According to the Storm Prediction Center in Norman, Okla., part of the National Oceanic and Atmospheric Admnistration (NOAA), the preliminary total of 757 tornadoes through Sept. 21 is about 400 twisters shy of what would be expected in an average year. That is in stark contrast to last year, when the annual running total was 400 tornadoes above average at this point in the year.
Considerable year-to-year variability in tornado numbers is quite common, although this huge swing is striking.
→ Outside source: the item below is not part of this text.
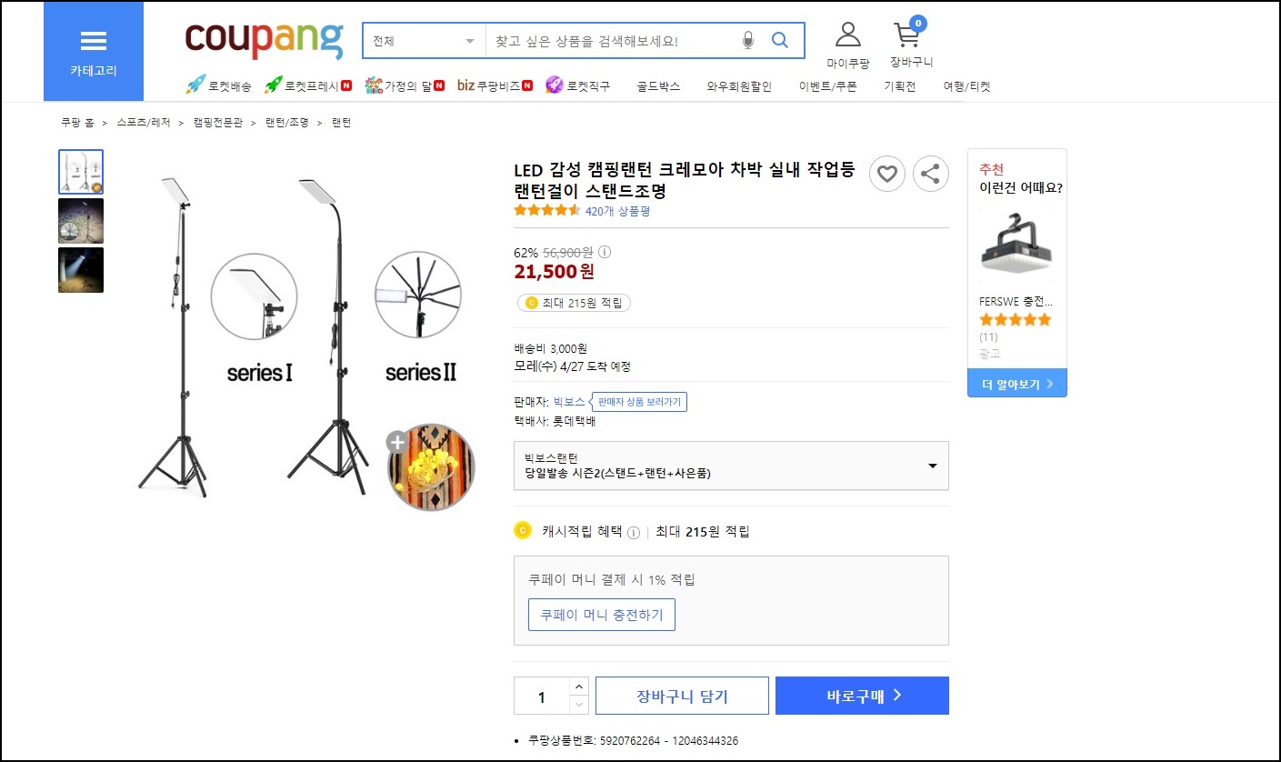 저는 캠핑 5년차인데, 처음엔 무조건 싼 것만 사서 쓰다가 하나둘씩 저에게 맞는 제품을 사면서 현재는 루프탑텐트까지 도달하게 되었어요. 캠핑 조명도 건전지로 사용하는 조그마한 랜턴을 사용하고 있었는데, 사용하는데 큰 문제는 없지만 좀 더 밝고 캠핑 분위기를 한껏 올려주는 전기가 없이도 노지에서도 사용할 수 있는 보조배터리를 이용한 스탠드 조명을 구입하게 되었어요.

Because tornadoes require a particular combination of ingredients in order to form, the number of tornadoes is highly dependent on the prevailing weather patterns.
In order for tornadoes to form there needs to be an ample supply of warm, moist air, strong winds aloft (this is necessary to create wind shear, the most critical ingredient of all), and a trigger mechanism to spark thunderstorms, such as a cold front. This year, there were often times when some of these ingredients were present, but not all of them, or not all in the right amounts. There were some noteworthy severe weather events this summer, including the derecho event that caused heavy damage to the Ohio Valley and Mid-Atlantic states.
The ridge of high pressure, or “Heat Dome,” that helped lead to the third-warmest summer on record in the lower 48 states also suppressed thunderstorm formation, as did the extremely dry soils throughout the High Plains and Midwest, otherwise known as “Tornado Alley.”
The huge swing in tornado numbers from last year is not indicative of global warming-related effects on tornadoes, which is an emerging area of climate science. Studies of how the environment that gives rise to severe thunderstorms and tornadoes may change as global warming continues have found that the number of thunderstorm days may increase in parts of the U.S. — owing to an upward trend in heat and humidity — but wind shear may decrease, which could hold tornado numbers down.